Let me know if this example sounds good. I can actually take this issue up to think about and write more examples for the README.
cc: @cenkalti @ahrtr
Another example (with a single goroutine as stated in the README) that I can think of is:
db.Update(func(tx *bbolt.Tx) error {
// ... do some work ...
// A nested read transaction
return db.View(func(txRead *bbolt.Tx) error {
// This inner transaction can never start because the outer
// Update transaction holds the write lock, and no other
// transaction (even a read-only one) can start.
return nil
})
})
If you look closely at the implementation: https://github.com/etcd-io/bbolt/blob/85dcf434b106bb7f881799f7a8cd02826d2bd219/db.go#L147
The RWMutex can have a read lock and a write lock (Ref). So in the above example, when the goroutine starts it will acquire a write lock. When the inner transaction tries to acquire a read lock, it won't be able to do so until the parent transaction is finished. Thus, this will lead to a deadlock scenario.

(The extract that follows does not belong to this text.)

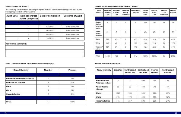 Table 8 . Reason for Arrest s from Vehicle Cont act
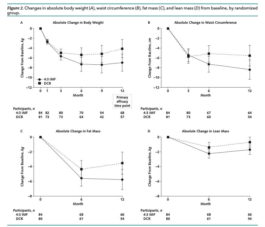 While body weight and cardiometabolic risk factors improved in both groups, intermittent fasting was more effective for improving body weight, BMI, insulin sensitivity, and fat mass than daily calorie restriction.

Both of your examples have a read/write transaction as the first or outer transaction that prevents other transactions. This is the normal and expected type of deadlock. My concern here is about the documentations warning that read only transactions can cause deadlocks.
Can you provide an example where the first or outer transaction is a read-only transaction? And possibly an example where both transactions are read only?
You're right. One case (with first transaction being read-only) can be:
// Start a long-running read-only transaction
go func() {
err := db.View(func(tx *bbolt.Tx) error {
log.Println("Read transaction started")
time.Sleep(10 * time.Second) // Simulate a long-running read
log.Println("Read transaction completed")
return nil
})
if err != nil {
log.Println("Read error:", err)
}
}()
// Try to perform a write operation
err = db.Update(func(tx *bbolt.Tx) error {
log.Println("Write transaction started")
_, err := tx.CreateBucketIfNotExists([]byte("mybucket"))
return err
})
This isn't a deadlock as such, but rather a blocking scenario. While the long-running read is active, write transaction will be blocked to acquire the mutex.
For a nested read-only situation, I can't think of a scenario where it can possibly deadlock. I will wait for someone with more context to provide an example here.